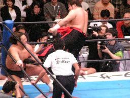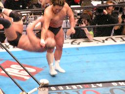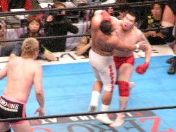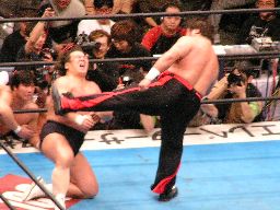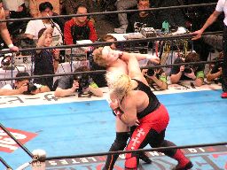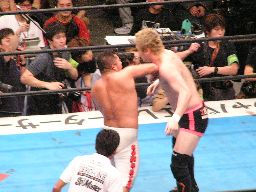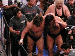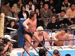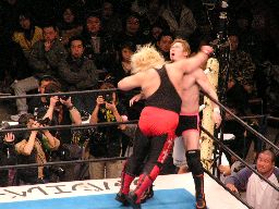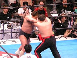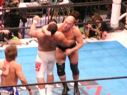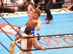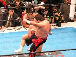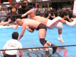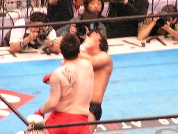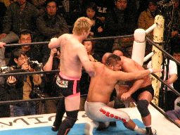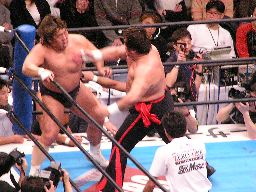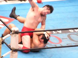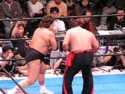 ロックアップでスタート(右写真)、しかし踏ん張りの効かない長州はあっさりコーナーに押し込まれる。
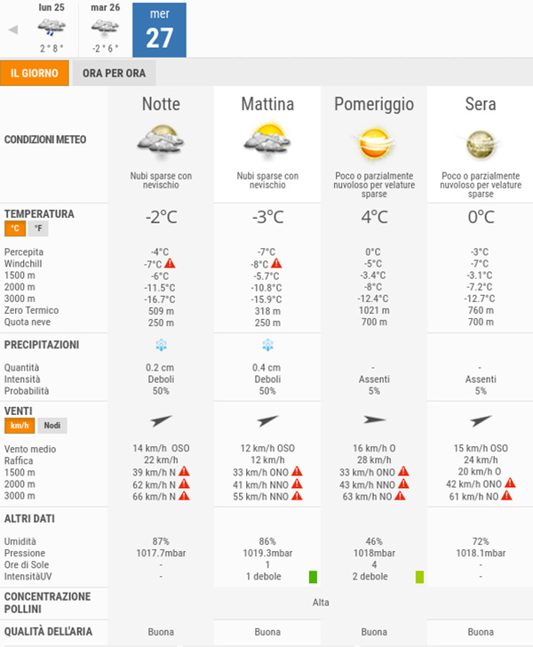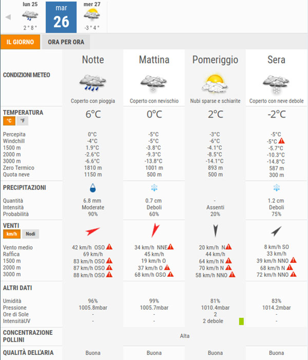 La temperatura massima registrata pare che sarà di 6°C, la minima di -2°C.
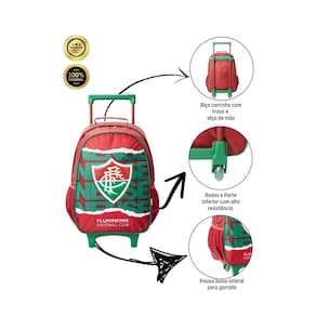 Design oficial do Fluminense: A mochila possui o brasão do clube, mostrando a paixão pelo tricolor. Rodinhas: Facilitam o transporte e ajudam a proteger as costas. Zíper resistente: Garante maior durabilidade e segurança. Bolsos laterais: Ideais para guardar garrafinhas de água ou outros objetos pequenos. Alças de mão e costas acolchoadas e ajustáveis: Conforto e versatilidade para carregar da forma que preferir. Frente com brasão: Demonstra o orgulho de ser tricolor.

===

▶ About this exercise
Restate the data above word for word, so that the only difference is the missing pictures.

▶ Answer to this exercise
 ロックアップでスタート(右写真)、しかし踏ん張りの効かない長州はあっさりコーナーに押し込まれる。
 La temperatura massima registrata pare che sarà di 6°C, la minima di -2°C.
 Design oficial do Fluminense: A mochila possui o brasão do clube, mostrando a paixão pelo tricolor. Rodinhas: Facilitam o transporte e ajudam a proteger as costas. Zíper resistente: Garante maior durabilidade e segurança. Bolsos laterais: Ideais para guardar garrafinhas de água ou outros objetos pequenos. Alças de mão e costas acolchoadas e ajustáveis: Conforto e versatilidade para carregar da forma que preferir. Frente com brasão: Demonstra o orgulho de ser tricolor.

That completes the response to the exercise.